In front of the courthouse’s grand entrance, the bronze statue, erected in 1916, depicts a young Confederate soldier carrying a Confederate battle flag atop a granite base that bears the names of 96 local Confederate soldiers and the inscription “1861-1865 C.S.A.,” or Confederate States of America.
“George Floyd’s death tugged at the conscience of this country, and people began to connect it to Confederate monuments and the messages that they send,” says Richard Potter, an Easton native and head of the local NAACP, who as a boy was mesmerized by the childlike soldier, sensing he must have done something special to receive such a significant perch. Only years later would he become rattled by its history. “The courthouse is meant to be a place where we can go and get a fair and just trial. And yet to get inside, Black people have to walk past a monument that says you belong in bondage.”

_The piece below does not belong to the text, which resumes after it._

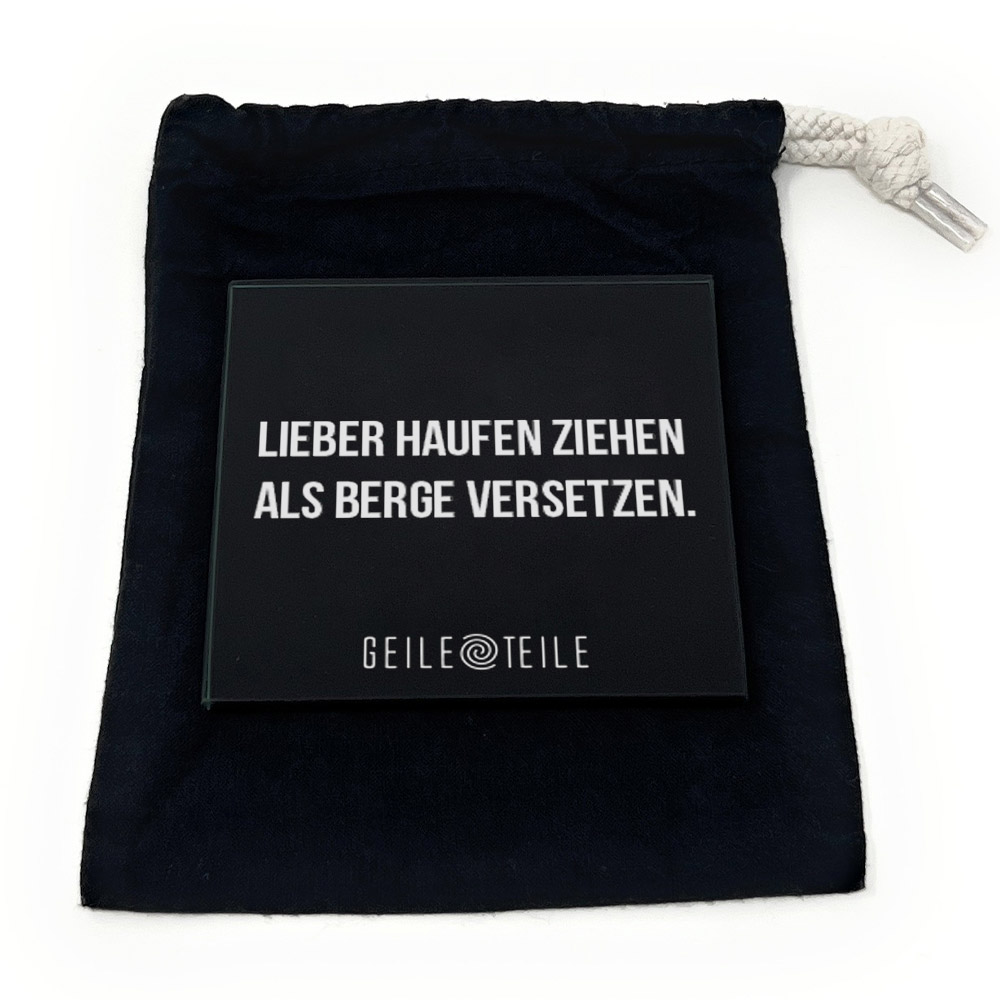 10cm Haufen ziehen - Robustes Echtglas Brettchen, 10x10cm mit Stoffsäckchen & Kartenhalter

This was not the first time that Easton residents had called for the statue’s removal. In 2015, Potter made the request after a white supremacist murdered nine people at the Emanuel African Methodist Episcopal Church in Charleston, South Carolina. Following a closeddoor vote that violated Maryland’s open meetings law, the council unanimously chose to keep the statue where it stood. Calls came again after a white nationalist rally in Charlottesville, Virginia, left one protestor dead in 2017, then again in 2020, when some 700 letters, including one from this writer, flooded the inboxes of the county councilmembers, as similar monuments came down all across the United States.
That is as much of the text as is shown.